Task directions
Once the line containing "NWT Volcom Shore" is found in the entries below, restate it and each following line word for word, stopping after the line containing "New York City".

═════ Information supplied ═════

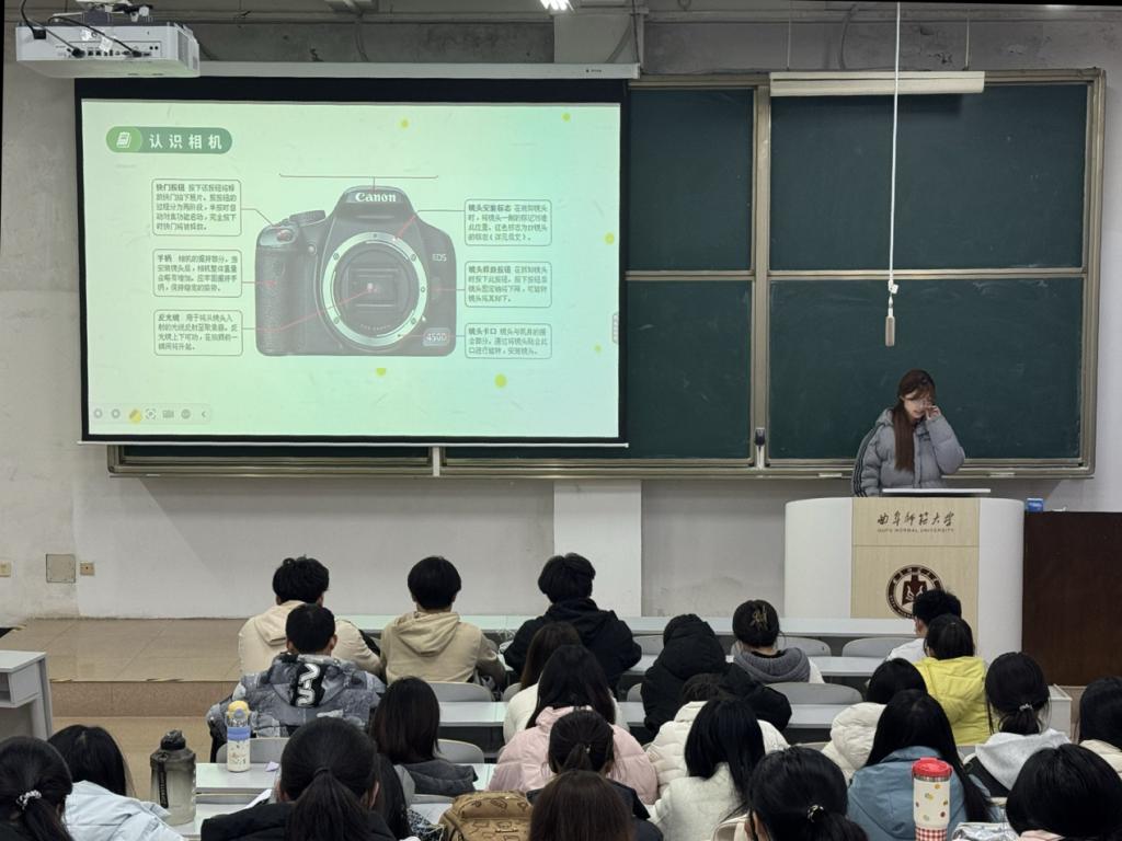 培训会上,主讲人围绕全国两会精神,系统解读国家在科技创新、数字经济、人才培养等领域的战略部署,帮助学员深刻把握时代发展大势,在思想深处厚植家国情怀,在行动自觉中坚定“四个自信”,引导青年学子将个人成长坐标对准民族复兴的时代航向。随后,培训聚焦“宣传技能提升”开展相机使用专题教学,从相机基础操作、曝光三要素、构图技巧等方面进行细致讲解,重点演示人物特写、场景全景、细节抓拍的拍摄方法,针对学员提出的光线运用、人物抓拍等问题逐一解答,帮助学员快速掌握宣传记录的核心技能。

═════
═════ Information supplied ═════

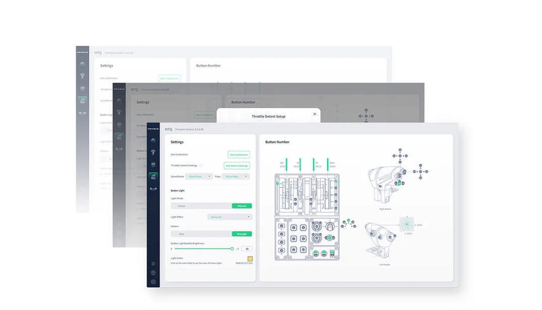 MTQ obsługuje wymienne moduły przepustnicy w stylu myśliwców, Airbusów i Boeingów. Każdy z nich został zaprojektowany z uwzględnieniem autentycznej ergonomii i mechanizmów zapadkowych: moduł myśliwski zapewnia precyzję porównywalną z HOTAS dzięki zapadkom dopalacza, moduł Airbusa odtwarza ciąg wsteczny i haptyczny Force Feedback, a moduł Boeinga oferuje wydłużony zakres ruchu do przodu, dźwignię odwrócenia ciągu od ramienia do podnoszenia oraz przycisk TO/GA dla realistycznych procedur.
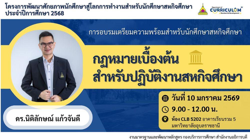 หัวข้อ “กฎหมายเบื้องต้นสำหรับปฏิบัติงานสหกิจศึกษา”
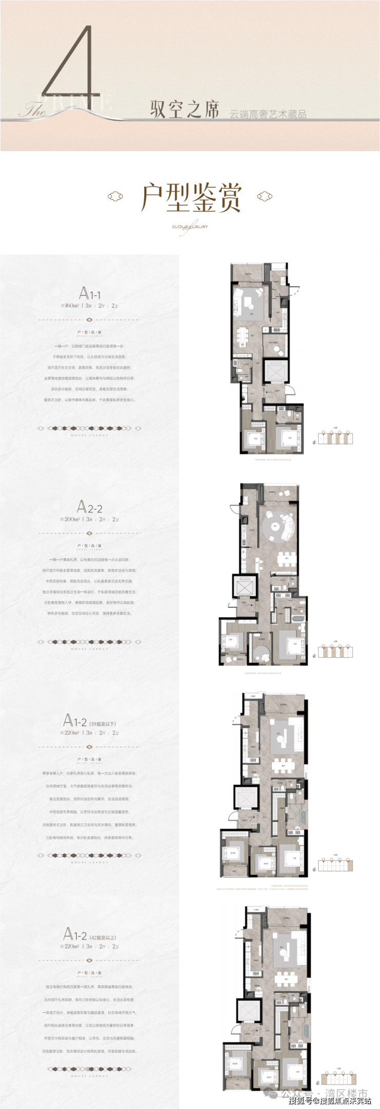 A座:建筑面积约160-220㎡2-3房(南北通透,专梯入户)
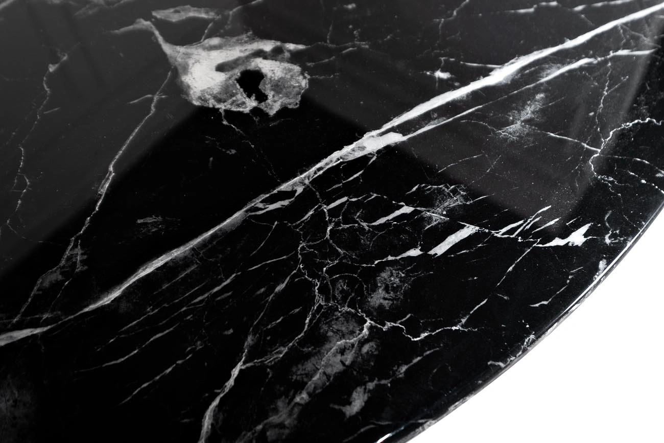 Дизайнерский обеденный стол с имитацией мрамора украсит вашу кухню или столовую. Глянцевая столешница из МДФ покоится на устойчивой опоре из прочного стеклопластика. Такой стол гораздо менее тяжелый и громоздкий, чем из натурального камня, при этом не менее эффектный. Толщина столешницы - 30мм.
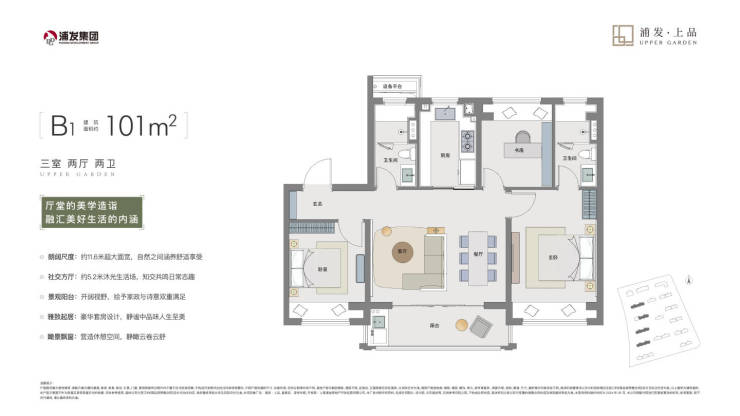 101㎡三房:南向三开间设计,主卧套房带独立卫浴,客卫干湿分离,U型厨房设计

═════
═════ Information supplied ═════

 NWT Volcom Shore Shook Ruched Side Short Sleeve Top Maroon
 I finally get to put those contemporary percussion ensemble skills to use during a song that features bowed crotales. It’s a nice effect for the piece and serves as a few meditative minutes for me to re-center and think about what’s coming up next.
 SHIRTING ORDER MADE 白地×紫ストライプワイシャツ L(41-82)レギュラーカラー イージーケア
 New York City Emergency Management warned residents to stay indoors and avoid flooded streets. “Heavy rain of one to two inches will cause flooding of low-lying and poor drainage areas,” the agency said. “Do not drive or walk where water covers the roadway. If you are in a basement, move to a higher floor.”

═════

Answer to this task
 NWT Volcom Shore Shook Ruched Side Short Sleeve Top Maroon
 I finally get to put those contemporary percussion ensemble skills to use during a song that features bowed crotales. It’s a nice effect for the piece and serves as a few meditative minutes for me to re-center and think about what’s coming up next.
 SHIRTING ORDER MADE 白地×紫ストライプワイシャツ L(41-82)レギュラーカラー イージーケア
 New York City Emergency Management warned residents to stay indoors and avoid flooded streets. “Heavy rain of one to two inches will cause flooding of low-lying and poor drainage areas,” the agency said. “Do not drive or walk where water covers the roadway. If you are in a basement, move to a higher floor.”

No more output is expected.